# Meyers E-46



## skyhigh1 (May 3, 2005)

Hello,
I have never had problem with my unit before till now.. This year on our first snow it started lifting the blade really slowly i had already flushed pump and checked filter and made sure it had the meyers fluid in the unit. I then went plowing and hit a speed bump in a apartment complex i was working with blade up... the blade fell to the ground and the unit wouldnt lift up i had to chain it up to get it home... it wont lift the plow but if i unhook the chain the lift ran lifts all the way up but i can take my hand and push the ram back down... I figured it blew out a seal with the bouncing or does this sound like a weak pump.. I appreciate all the help you can provide. Thanks


----------



## wva (Apr 26, 2010)

:waving:


skyhigh1;1178702 said:


> Hello,
> I have never had problem with my unit before till now.. This year on our first snow it started lifting the blade really slowly i had already flushed pump and checked filter and made sure it had the meyers fluid in the unit. I then went plowing and hit a speed bump in a apartment complex i was working with blade up... the blade fell to the ground and the unit wouldnt lift up i had to chain it up to get it home... it wont lift the plow but if i unhook the chain the lift ran lifts all the way up but i can take my hand and push the ram back down... I figured it blew out a seal with the bouncing or does this sound like a weak pump.. I appreciate all the help you can provide. Thanks


sounds like the seals on the bottom of the ram a basic seal kit should fix it maybe b&b will chime in or some of the other meyer pros on here hope this helps happy new year:waving:


----------



## skyhigh1 (May 3, 2005)

WVA...... thanks for your response I just got a seal kit from mill supply... I will probably get on that tomorrow.. I appreciate it.


----------



## wva (Apr 26, 2010)

:waving:


skyhigh1;1178936 said:


> WVA...... thanks for your response I just got a seal kit from mill supply... I will probably get on that tomorrow.. I appreciate it.

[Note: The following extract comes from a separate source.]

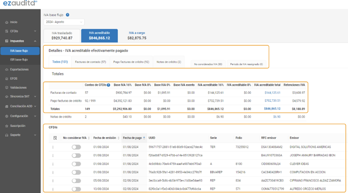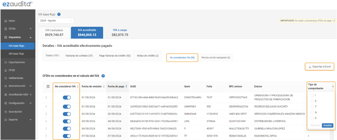 precargados de impuestos del SAT con ezaudita® detectando detalladamente los CFDIs incluidos y excluidos en el cálculo de IVA por parte del SAT.

glad to help I put one in my e60 last summer with help from this forum :waving:


----------



## skyhigh1 (May 3, 2005)

i changed seals now the lift ram wont even lift up... Anymore suggestions ??? Could it be cause the pump is weak? I wonder if it has a pump shaft that could have been broken.. all my plow does is up and down so should be something simple.


----------



## skyhigh1 (May 3, 2005)

is there a test i can perform to see if my pump is working?


----------



## wva (Apr 26, 2010)

skyhigh1;1182851 said:


> is there a test i can perform to see if my pump is working?

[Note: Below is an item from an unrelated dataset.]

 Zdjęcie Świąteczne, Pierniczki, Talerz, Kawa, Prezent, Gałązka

you can put a psi guage on it not sure with no pa hoses there is a psi relief valve on the lower back side meyer site has a tech support section :waving: smithbrossevice.com has alot of great info:waving:


----------



## skyhigh1 (May 3, 2005)

I tested the magnetism on the a valve and coil nothing there and also when i took it out and the a valve was in pieces i forgot that i had the switch locked in the up position to lift the blade and it squirted out all kinds of fluid so i guess the pumps working must be the a valve and coil I have replaced and checked everything else.


----------